According to one embodiment, an inner recess 540 may be formed in the base 530 to allow for the mounting or insertion of a test element (e.g., a partition element, a siloxane partition element, etc.) 590. An optical window 2830 of the optical alignment mount 2820 of the test equipment 2800 allows light to be transmitted to and received from the test element 590. The inner recess 540 may be circular in shape with a vertical or near vertical wall 550 and a flat base 560.
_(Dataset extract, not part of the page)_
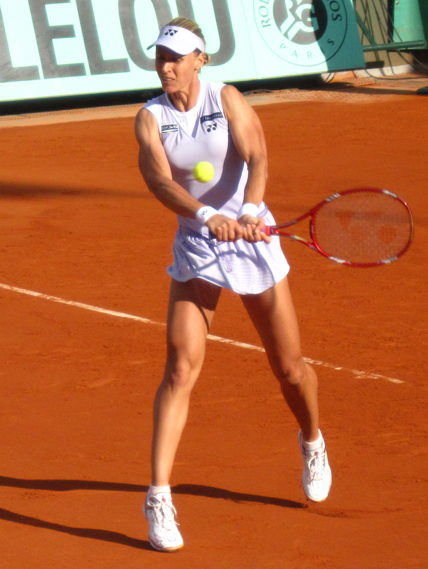 Elena Dementieva at 2009 Roland Garros, Paris, France

According to one embodiment, an opening 580 may be formed in the base 560 of the inner recess 540 to allow for the mounting or insertion of the test element 590 to facilitate tests conducted by the test equipment 2800. According to one embodiment, the test element 590 may be co-molded with the container 100. According to another embodiment, the test element 590 may be inserted into the container 100 after molding. According to one embodiment, the inner recess 540 may have an annual bore 570 formed in its wall 550 at or near the base 560. The inner recess 540 may be sized to receive the test element 590 or a portion thereof to facilitate tests conducted by the test equipment 2800.
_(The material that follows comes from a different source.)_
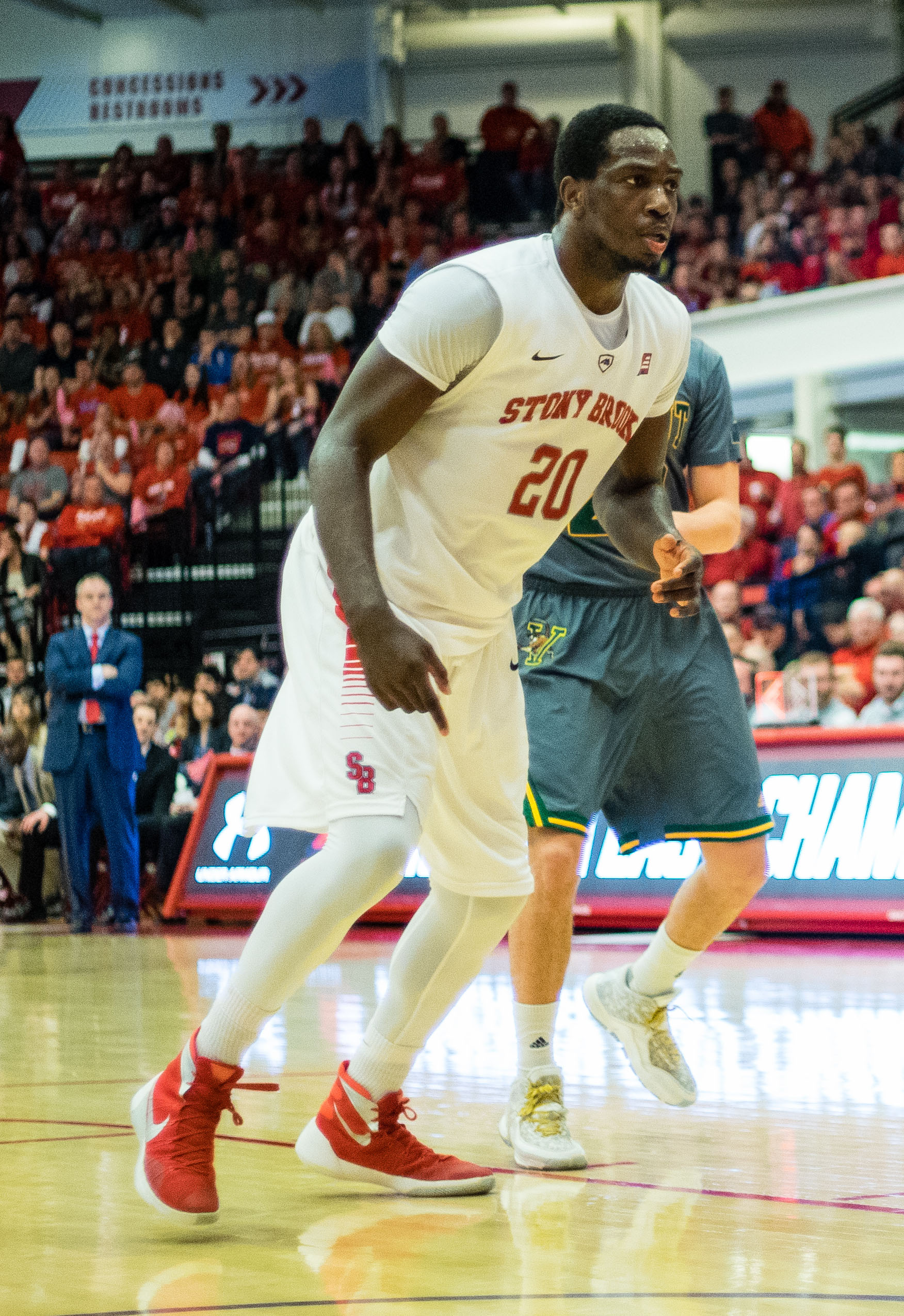 Jameel Warney playing for the Stony Brook Seawolves in 2016.

The recesses 510, 540 formed in the container 100 provide protection for the test element 590 by elevating it above the level of the base 500. As such, the test element 590 is separated from a surface upon which the container 100 may be placed thereby reducing or preventing contamination and/or damage of the test element 590.
The recess 510 formed in the base 500 along with the optical alignment mount 2820 function to align or maintain the container 100 in the test equipment 2800 in an position optimized for the performance of optical devices 2840 (e.g., light emitting diodes (“LEDs”), lens, fiber optics, etc.) contained within the optical alignment mount 2820.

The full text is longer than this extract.